- _What you are asked to do_:
Go to the line with "Complétant cet ensemble, cinq" in the records below, then output it and each following line exactly, up to and including the line with "六点四十分,学校领导一声令下". Skip pictures and add nothing.

- _Provided material_:

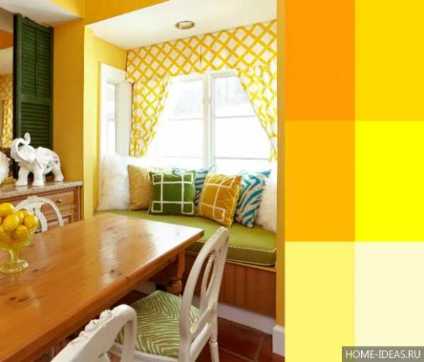 Так, если желтый цвет выбран в качестве главного, дизайнеры рекомендуют «разбавлять» его белой краской, различными оттенками коричневого цвета, синими, зелеными, черными нотками.
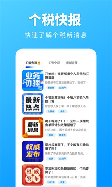 2、个税政策资讯:个税相关政策实时更新,工资薪金、税率、六项扣除、年终奖等相关问题重点关注。
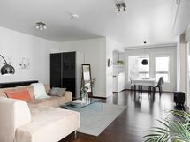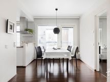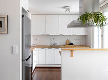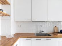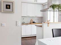 - Samsung-jääkaappi/pakastin, Temptech-viinikaappi, Siemens-astianpesukone, Siemens-keraaminen liesi/uuni, Franke-liesituuletin. Työtasot puuta. Seinissä maali ja kaakeli, lattiassa parketti.
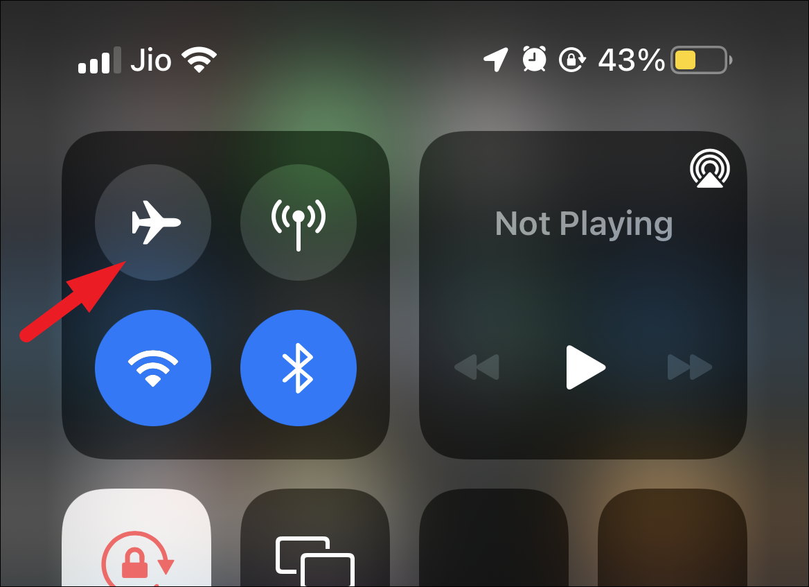 - Then, tap on the 'Airplane' icon to turn on the Airplane mode.
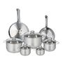 Complétant cet ensemble, cinq faitouts de 12, 14, 16, 20 et 24 cm vous offrent une flexibilité inégalée pour préparer tout type de plat, des soupes et ragoûts aux légumes vapeur. Fabriqués en inox de haute qualité, ces faitouts sont conçus pour résister à l'épreuve du temps, tout en étant compatibles avec tous les types de plaques de cuisson, y compris l'induction.
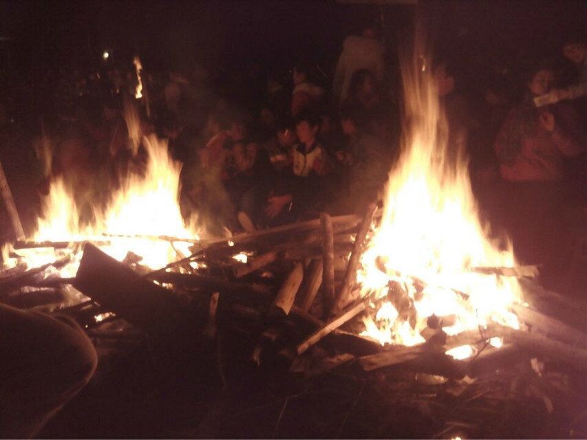 六点四十分,学校领导一声令下:"点火!","呼呼……"一堆堆柴火熊熊燃烧,一瞬间火光映红了校园,也映红了师生们幸福的笑脸。在熊熊火光中,主持人闪亮登场,她们用清脆的声音向师生和来宾们问好,并致以节日的美好祝愿。
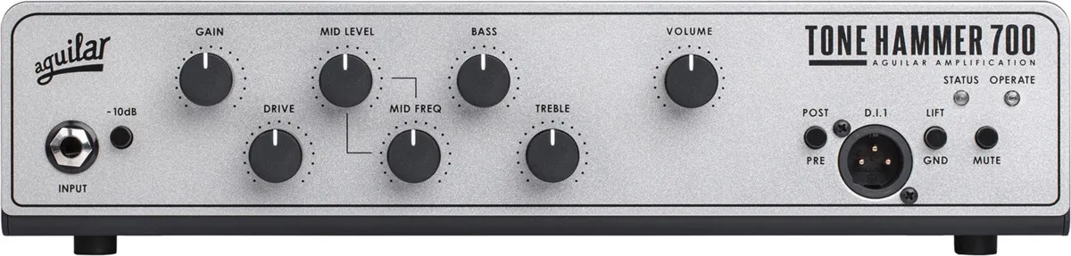 Designed for the discerning bassists, the Tone Hammer series offers a lightweight yet powerful solution inspired by the soulful warmth of tube amplifiers. It's rich and harmonic preamps offers a round, full-bodied character, making every note resonate with depth. It also features a classic 3-band EQ set with bass, treble and fully sweepable midrange controls. The Drive control adds distortion and even more tube-like grit and punch to your sound. Equipped with the Aguilar Cabinet Suite, universal mains, and expanded connectivity options, the Tone Hammer series meets the performance needs of bassists, ensuring a flawless blend between live, studio, and at-home settings.
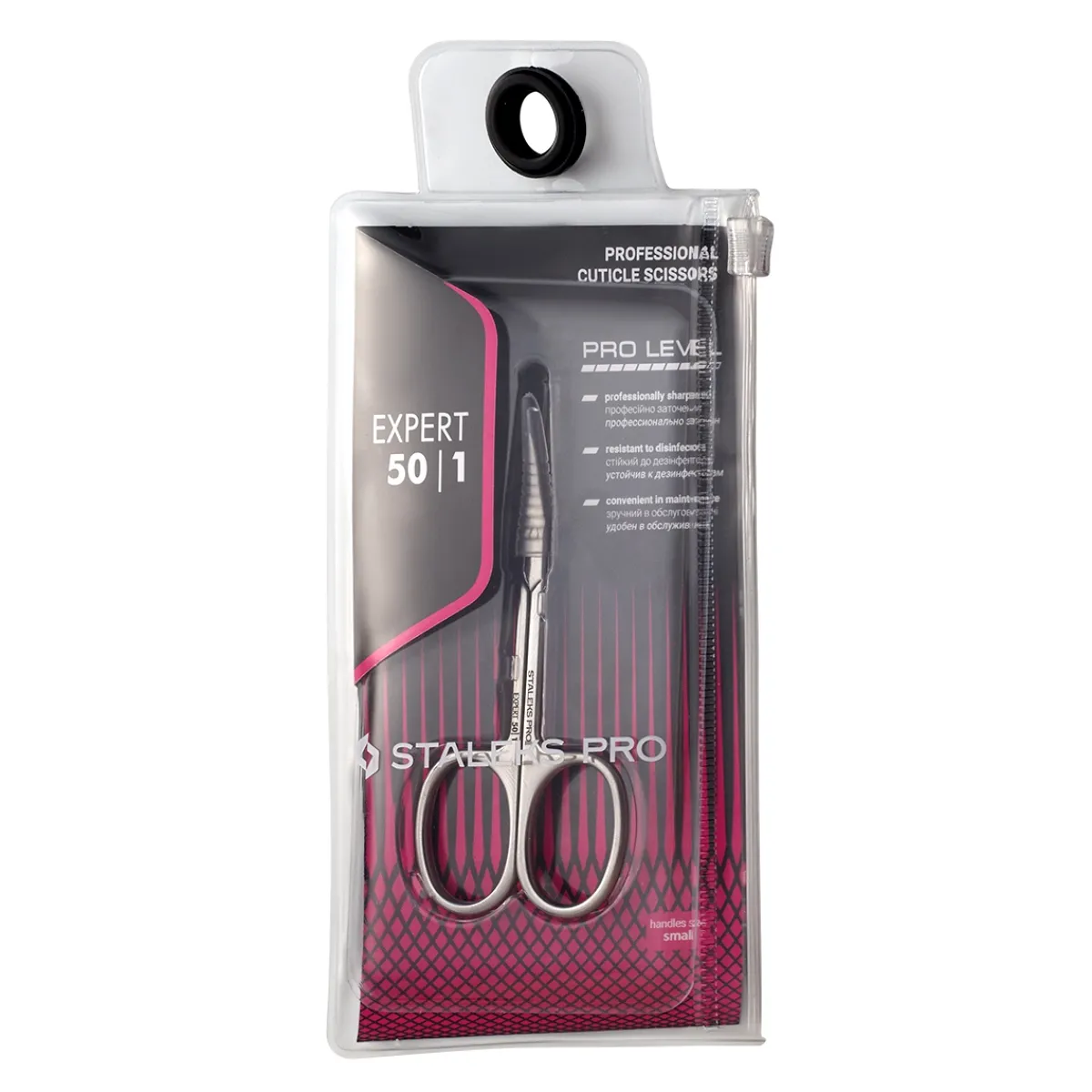 Ciseaux à cuticules professionnels Expert 50 Type 1 de chez Staleks. Conçus pour couper les petites peaux du pourtour de l’ongle en toute sécurité grâce à son excellente qualité de coupe.
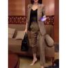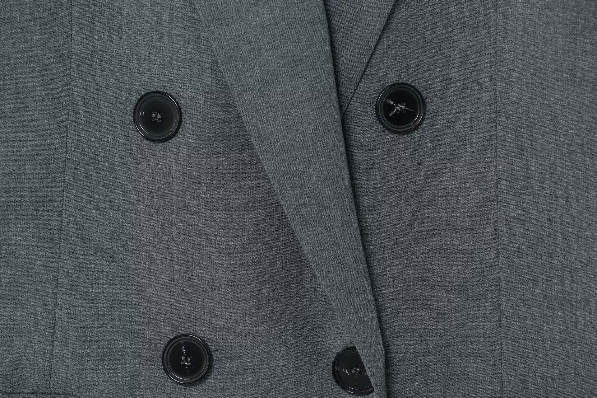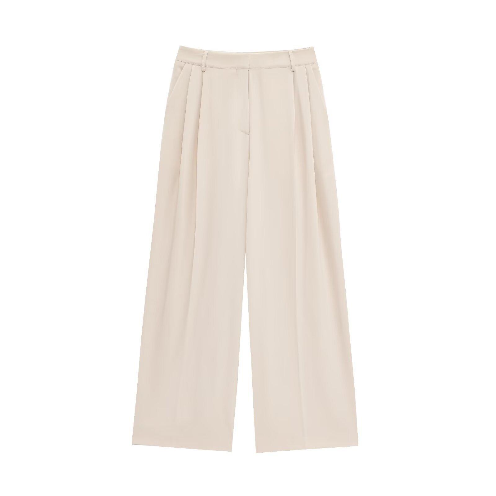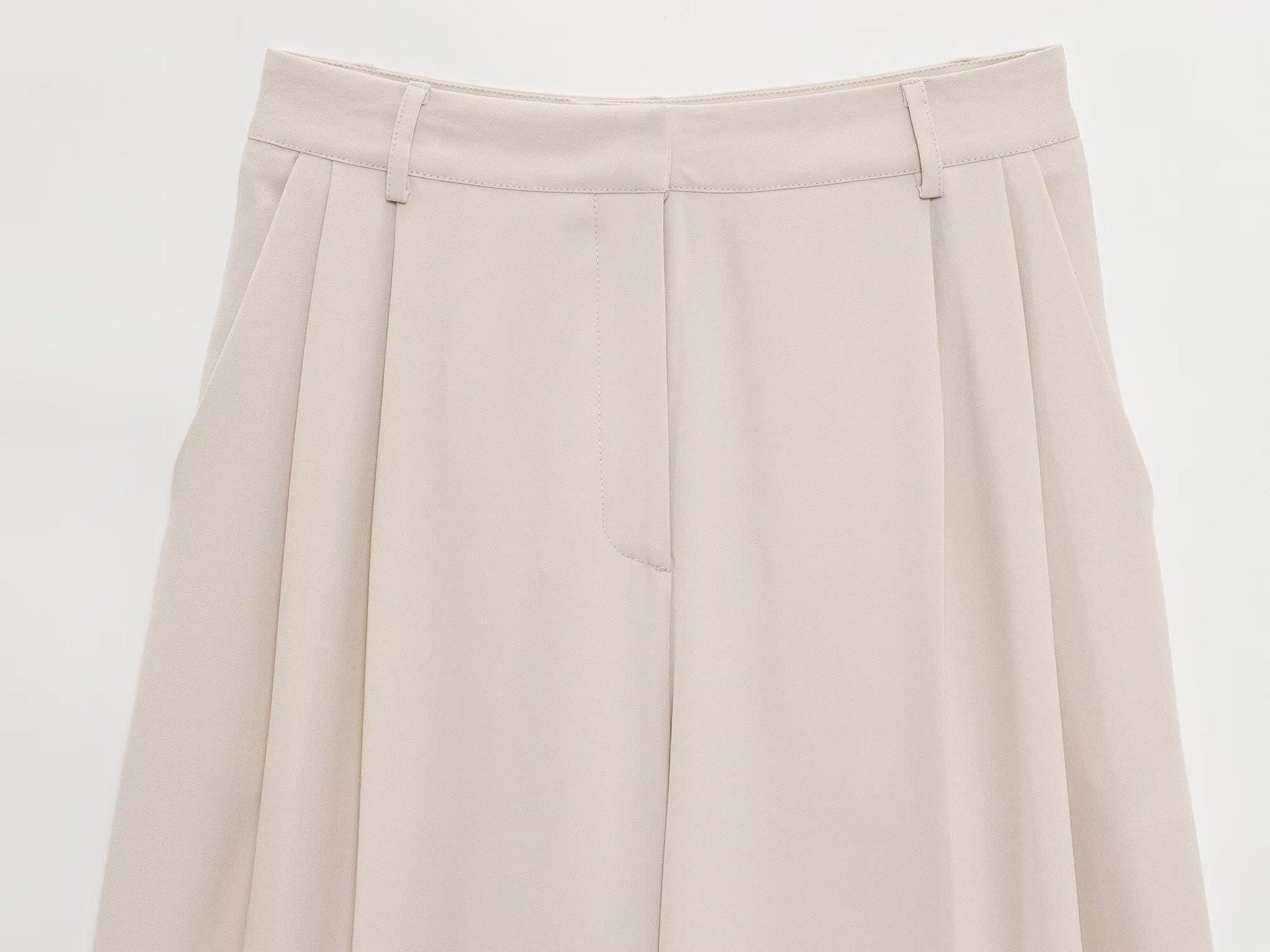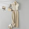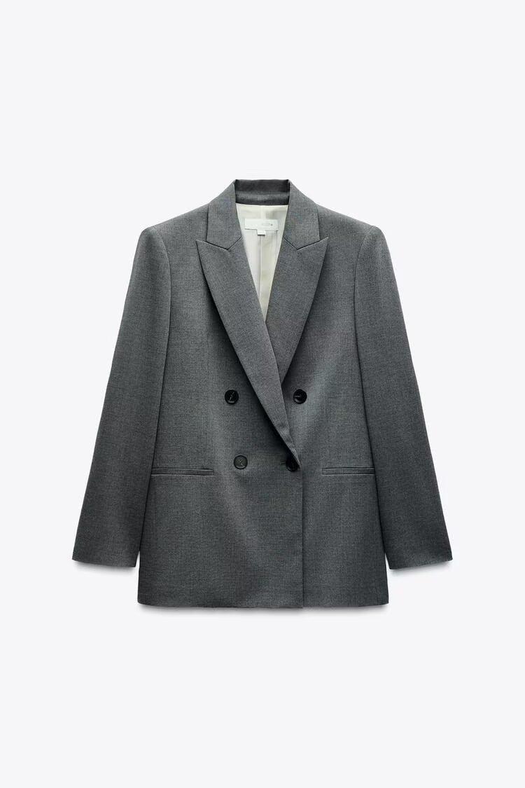 Conjunto de Blazer Cruzado con Hombros Acolchados Estilo Europeo y Americano de Verano 2025 + Pantalones Plisados de Pierna Ancha

- _Answer section_:
 Complétant cet ensemble, cinq faitouts de 12, 14, 16, 20 et 24 cm vous offrent une flexibilité inégalée pour préparer tout type de plat, des soupes et ragoûts aux légumes vapeur. Fabriqués en inox de haute qualité, ces faitouts sont conçus pour résister à l'épreuve du temps, tout en étant compatibles avec tous les types de plaques de cuisson, y compris l'induction.
 六点四十分,学校领导一声令下:"点火!","呼呼……"一堆堆柴火熊熊燃烧,一瞬间火光映红了校园,也映红了师生们幸福的笑脸。在熊熊火光中,主持人闪亮登场,她们用清脆的声音向师生和来宾们问好,并致以节日的美好祝愿。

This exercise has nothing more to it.